Les trois chaloupes, conduites par des pêcheurs du village de Boquilla, longeaient la mangrove. Derrière nous, l'embarcation de l'équipe de Barthey avec, à son bord, quelques membres du gouvernement américain ainsi que des Léviathans, nous suivait de près. Le grand coffre, où reposait le corps de Pavel, était sur celle-ci. Devant nous, une autre chaloupe transportait une dizaine de militaires colombiens, dépêchés sur place pour assurer notre protection. La mission était jugée à haut risque.
— Ne vide pas toute la bouteille ! s'agaça Lexy.

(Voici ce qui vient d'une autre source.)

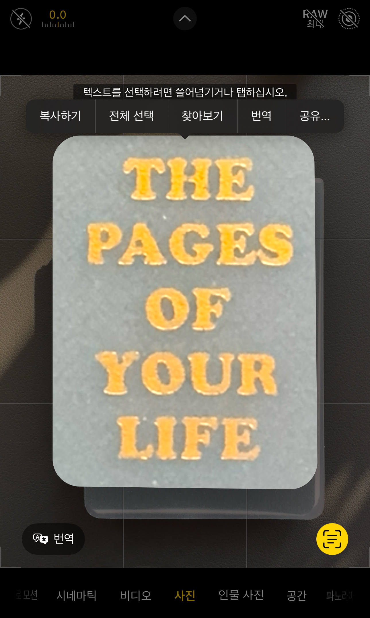 4. 아이폰 사진 촬영 번역 기능 (텍스트 복사, 검색 등)
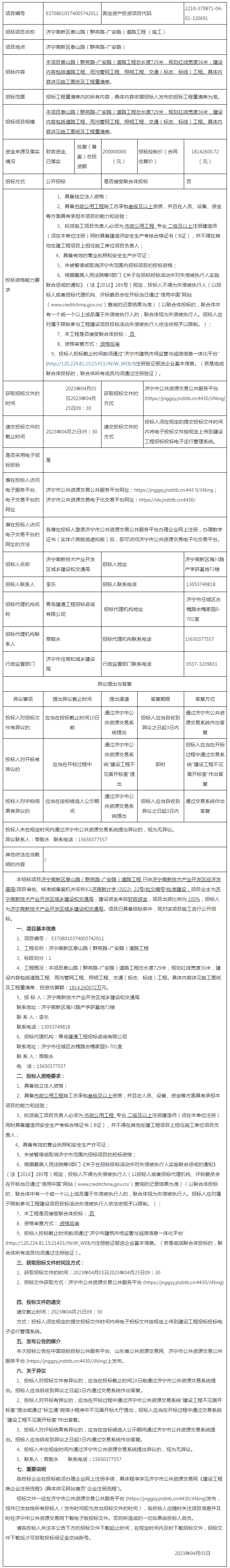 1814万!济宁高新区泰山路(群英路-广安路)道路施工招标

Asarys étalait à grosses doses sur ses bras un répulsif antimoustique pour être tranquille. Elle donna ensuite le spray à notre amie qui s'empressa d'en faire de même. Faïz se trouvait sur la même embarcation que nous trois, mais il s'était placé à l'écart, à l'arrière du bateau. Je mettais son attitude plus que distante envers moi depuis ce matin sur l'énorme responsabilité qui pesait sur ses épaules.
— L'endroit est aussi surnommé le canal de l'amour, déclara Asarys dubitative. À part des racines, des arbres et le marécage, je ne vois rien qui éblouit mes yeux.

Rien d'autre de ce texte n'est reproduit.